Substack content is often contrarian by nature (independent journalists). Apply extra scrutiny via dialectic-spiral when a single Substack is the sole source for a claim.

## Budget Mode

**Activation (any of these):**
1. Explicit flag: `--budget` or `-b`
2. Auto-detect: If `budget-mode` skill is active in session
3. Inherited: If invoked from research hub in budget mode

**When active:**
- Detail levels 0-3 instead of default 4-6
- Cap dialectic at 2 rounds if escalating
- corpus.json is OPT-IN (ask user, default: no)
- Relational-memory memorize still happens

**Note:** After context compaction, auto-detection may fail. Re-invoke `budget-mode` skill or pass `--budget` explicitly.

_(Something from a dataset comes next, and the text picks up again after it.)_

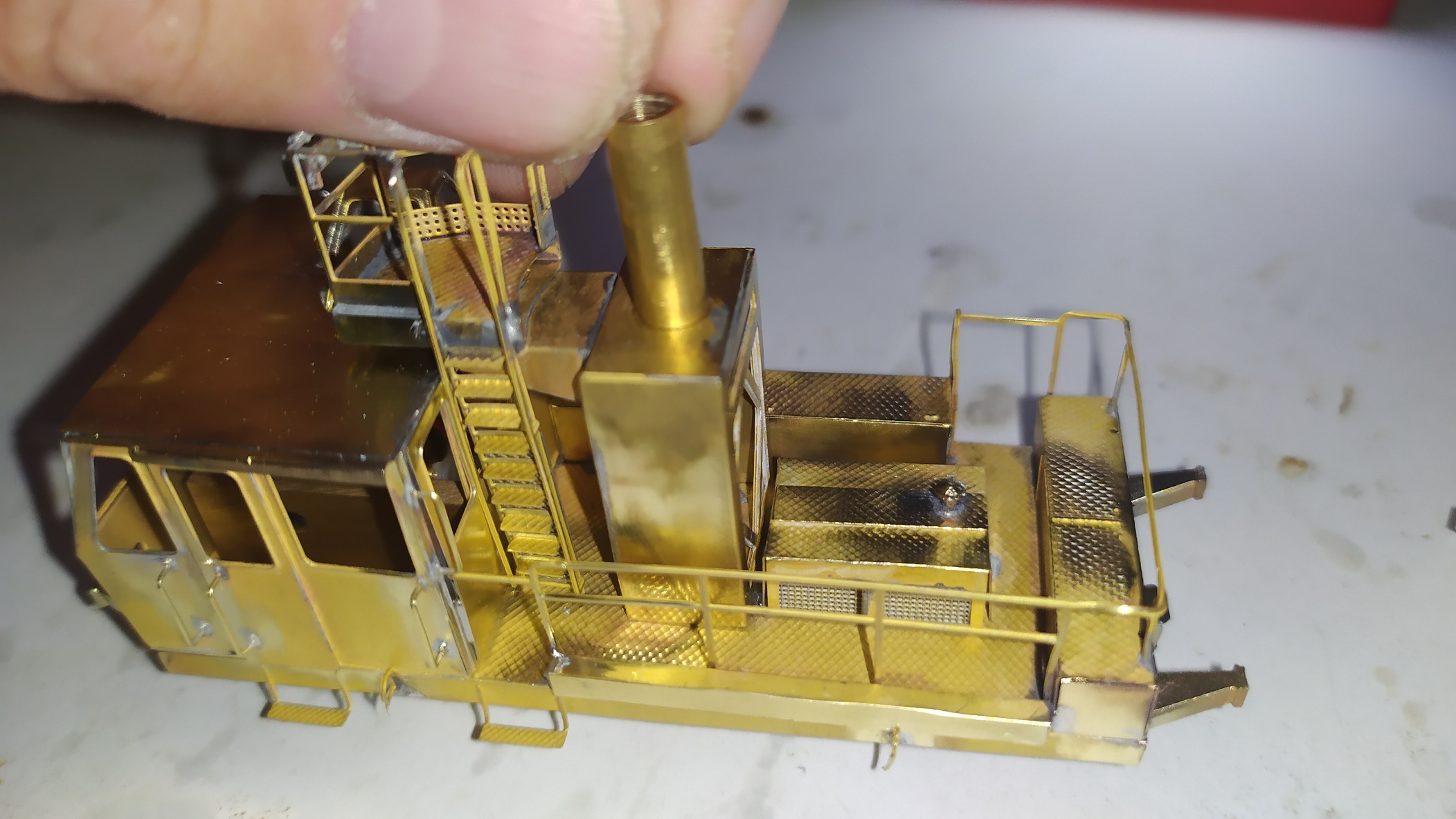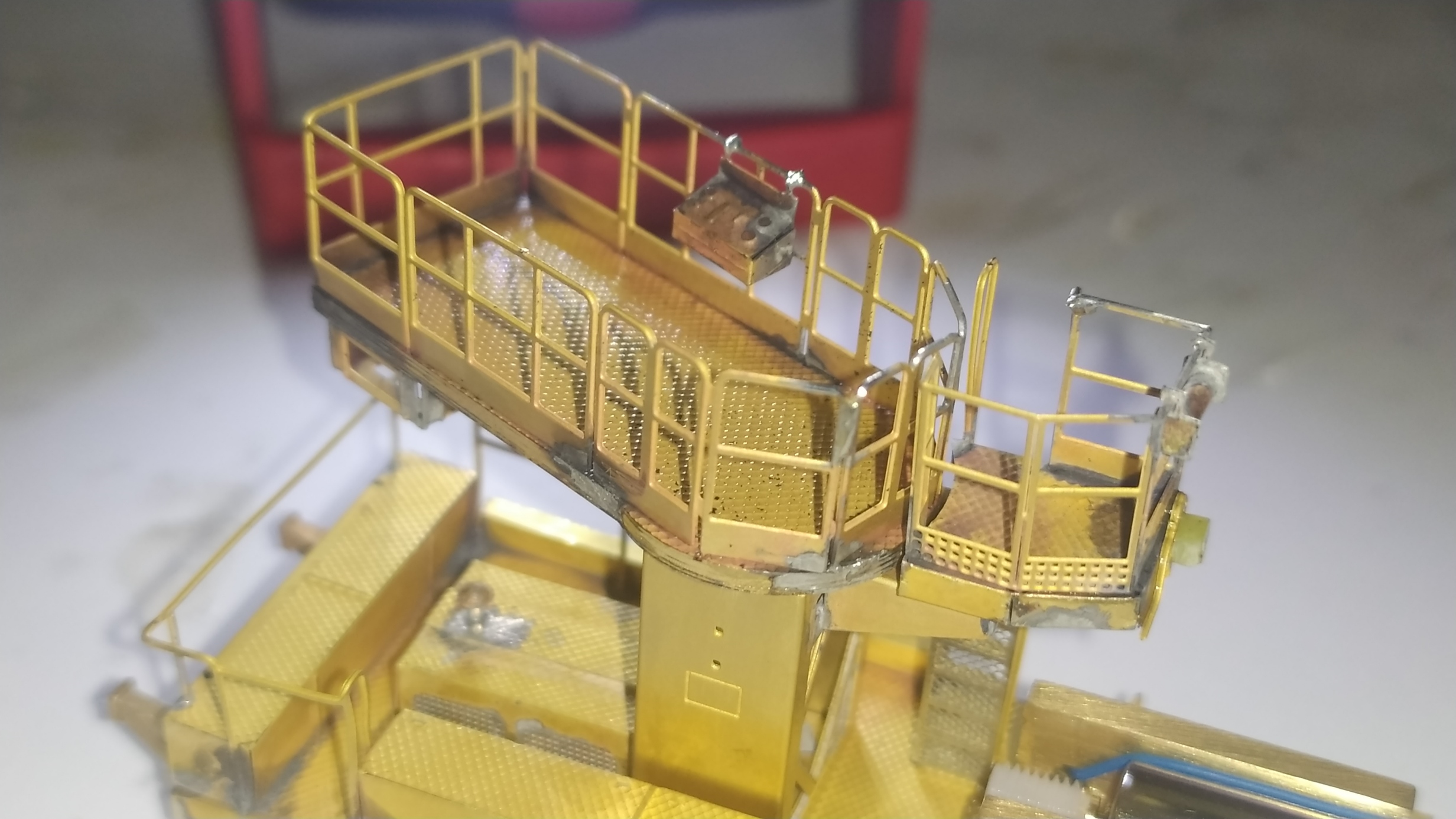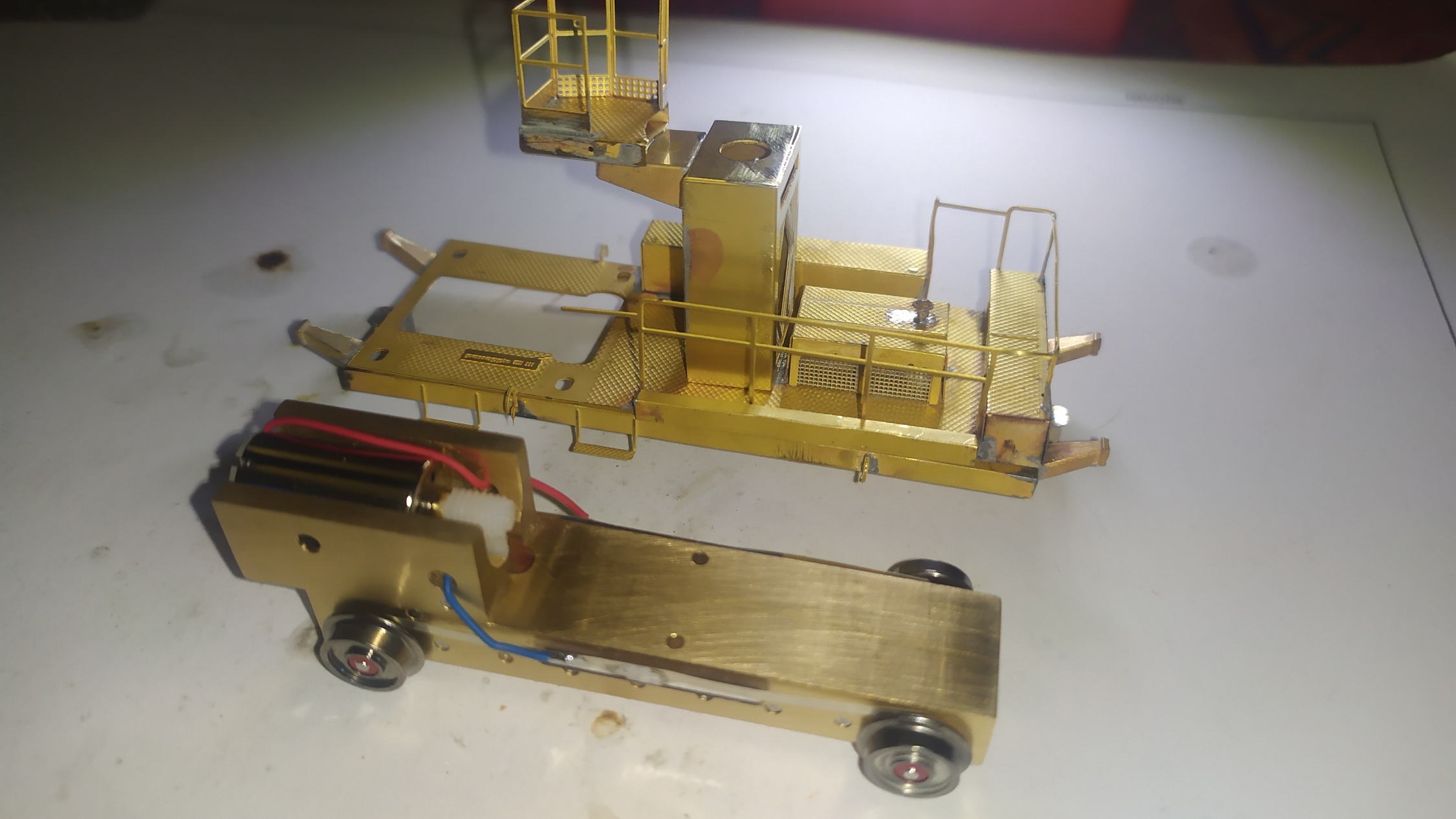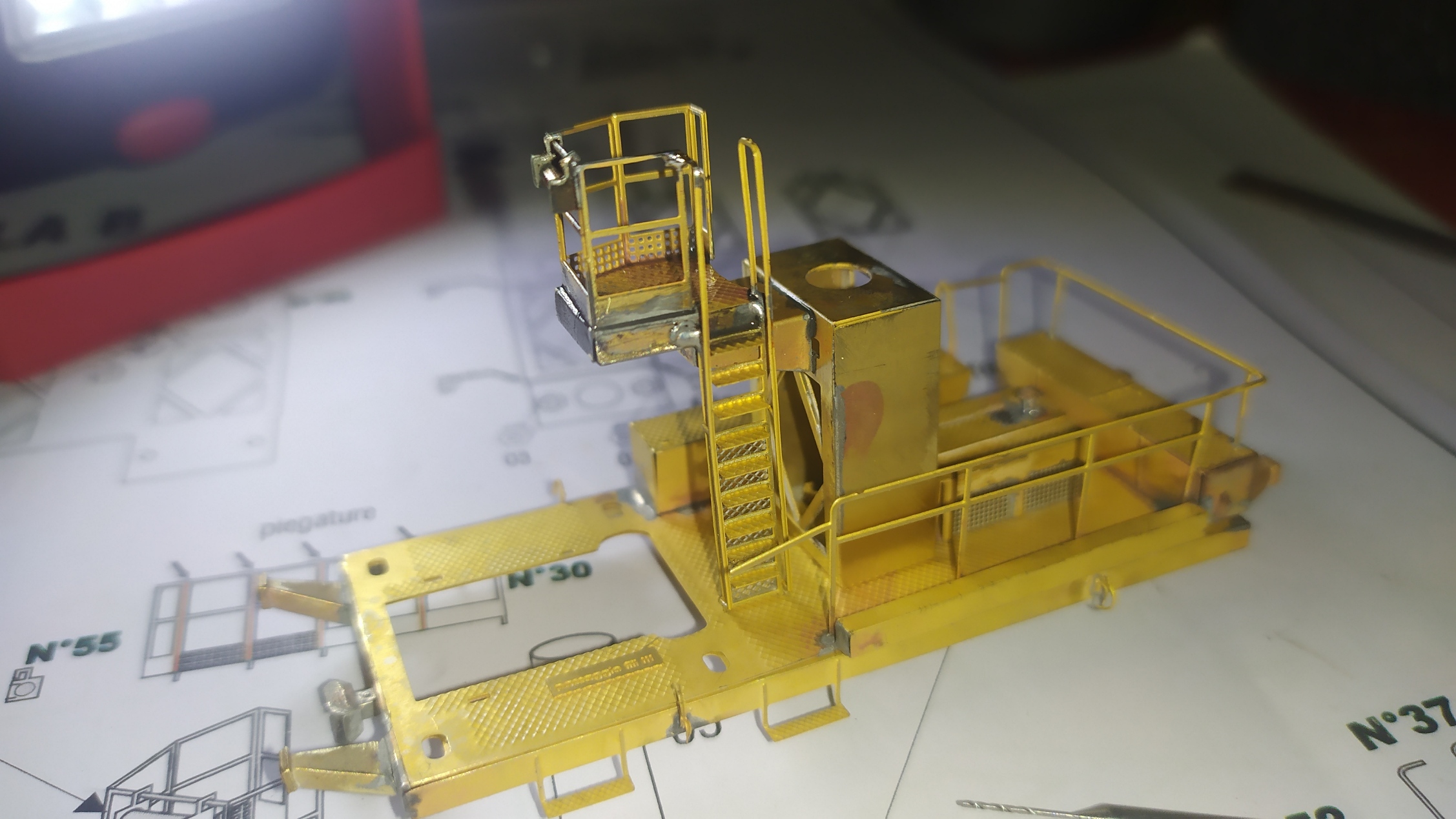 Incollaggio con cianoacrilico del retro della scaletta in alpacca. Montaggio e saldatura della scaletta sull'elevatore e relativi particolari. Prova finale con telaio motore: Manca ancora un particolare da inserire nei due forellini visibili nell'ultima foto ed anche questa fase dell'assemblaggio è completata.

**Propagation:** When invoking other skills, pass budget:
"Invoking dialectic-spiral --budget"

## Tips

1. **Author credibility:** Check author's credentials, track record, funding sources
2. **Paywall content:** Auth capture handles paid subscriptions if user has access
3. **Publication vs author:** Some Substacks are multi-author — track per-author, not just per-publication
4. **Time dimension:** Sort by date to see how author's position evolved (especially valuable for geopolitical topics)
5. **Cross-corpus value:** Substack + YouTube + mainstream creates triangulation — each source type has different blind spots

## Limitations

- Requires Python + browser for first-time auth
- Paywall content only accessible if user has subscription
- DOM changes in Substack may break extraction (check for selector updates)
- Large corpora (100+ articles) need adaptive detail to prevent token waste

## Cross-References

- **video-transcript-extraction** — for complementary video sources
- **youtube-research** — for practitioner perspective on same topics
- **deep-investigation-protocol** — escalation target for trust/safety topics
- **cui-bono** — escalation target for power analysis topics
- **cui-bono + financial-mcp** — escalation target when financial dimension needed (a dedicated **stonk** agent is in design — issue #61)
- **dialectic-spiral** — stress-testing findings from single-source Substacks
- **reference/topic-based-escalation.md** — shared escalation logic

## Vasana

A vasana is a pattern that persists across unrelated contexts. If during
this task you notice such a pattern emerging, it may be worth capturing.
This skill works best alongside the `vasana` skill and `vasana` hook
from the Vasana System plugin.

Modify freely. Keep this section intact.